To further complicate matters, the TZASC configuration must be consistent with the memory map of the system. If the memory regions defined in the TZASC do not align with the actual memory layout, the access restrictions may not be applied as intended. This misalignment can occur due to incorrect base address or size specifications, or due to overlapping regions that create ambiguous access permissions.

Implementing Secure State Transition and TZASC Enforcement

To resolve the TZASC configuration issues, a systematic approach is required to ensure that the processor transitions from secure to non-secure mode correctly and that the TZASC settings are enforced as intended. The following steps outline the necessary actions to achieve this:

1. Verify Secure Mode State: Before making any TZASC configuration changes, confirm that the processor is in secure mode by checking the NS bit in the Secure Configuration Register (SCR). If the NS bit is set, the processor is in non-secure mode, and any TZASC register accesses will result in an undefined instruction exception.

2. Configure TZASC Regions: Define the memory regions in the TZASC with the appropriate base addresses, sizes, and access permissions. Ensure that the regions do not overlap and that they align with the system’s memory map. For example, Region 0 can be configured as a secure region covering the entire address space, while Region 1 can be defined as a non-secure region for the kernel OS image.

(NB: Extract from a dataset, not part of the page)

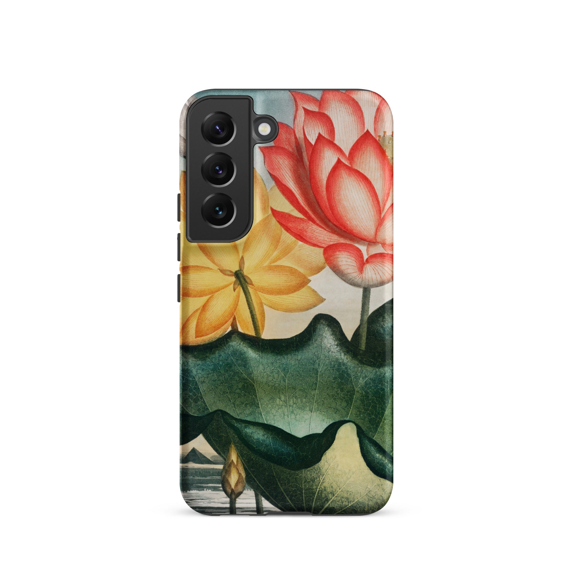 La flor de color rojo coral se abre con un calor silencioso, el gemelo amarillo ocre inclinándose hacia ella a través de un estanque pintado. Debajo, un capullo espera, acunado en sombras. Y contra el pálido lavado del cielo, este estuche de Samsung se convierte en archivo y amuleto. Protegiendo tu dispositivo con grandeza botánica, sosteniendo la tranquila opulencia de los jardines del Nilo en tu mano.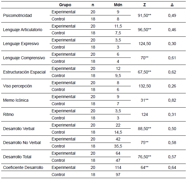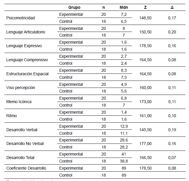 A nivel postratamiento se encontraron diferencias estadísticamente significativas en las sub escalas de psicomotricidad, lenguaje articulatorio, lenguaje comprensivo, estructuración espacial y memoria icónica; a nivel descriptivo se observó un desempeño superior en el grupo experimental respecto al grupo control; en cuanto al valor de ME Delta de Cliff en cada subescala es elevado, de igual manera que en las escalas agrupadas; no se hallaron diferencias en las subescalas de lenguaje expresivo, visopercep-ción y ritmo. Los dos grupos no presentaron signos de inmadurez neuropsicológica, ya que presentaron puntuaciones mayores a 90 puntos en el coeficiente de desarrollo.

3. Enable TZASC: After configuring the TZASC regions, enable the TZASC by setting the appropriate control bits in the TZASC control register. This step ensures that the TZASC is active and ready to enforce the configured access restrictions.

4. Prepare for Secure to Non-Secure Transition: Before transitioning to non-secure mode, ensure that all necessary secure world tasks are completed, and that the non-secure world software is ready to take over. This includes setting up the non-secure vector table and initializing any non-secure peripherals.

5. Execute Secure to Non-Secure Transition: Use the ARMv7-A SMC (Secure Monitor Call) instruction to enter Monitor mode and perform the transition from secure to non-secure mode. This involves setting the NS bit in the SCR and configuring the Non-Secure Vector Table Address Register (VBAR) to point to the non-secure vector table.

6. Verify TZASC Enforcement: After transitioning to non-secure mode, verify that the TZASC access restrictions are being enforced by attempting to access the secure memory regions. Any unauthorized access attempts should result in a memory abort exception, confirming that the TZASC is functioning correctly.

7. Debugging and Troubleshooting: If the TZASC access restrictions are not being enforced, use a debugger to inspect the TZASC registers and confirm that they are configured as intended. Additionally, check the processor’s mode and state to ensure that the transition to non-secure mode was successful.

By following these steps, the TZASC configuration issues can be resolved, ensuring that the memory access restrictions are enforced correctly and that the system operates securely. This approach not only addresses the immediate problem but also provides a framework for future TZASC configurations and secure state transitions.

In conclusion, the TZASC is a powerful tool for managing memory access permissions in ARM Cortex-A processors, but its effective use requires a thorough understanding of the processor’s secure and non-secure states. By carefully configuring the TZASC and ensuring a proper transition from secure to non-secure mode, system designers can achieve the desired level of security and reliability in their embedded systems.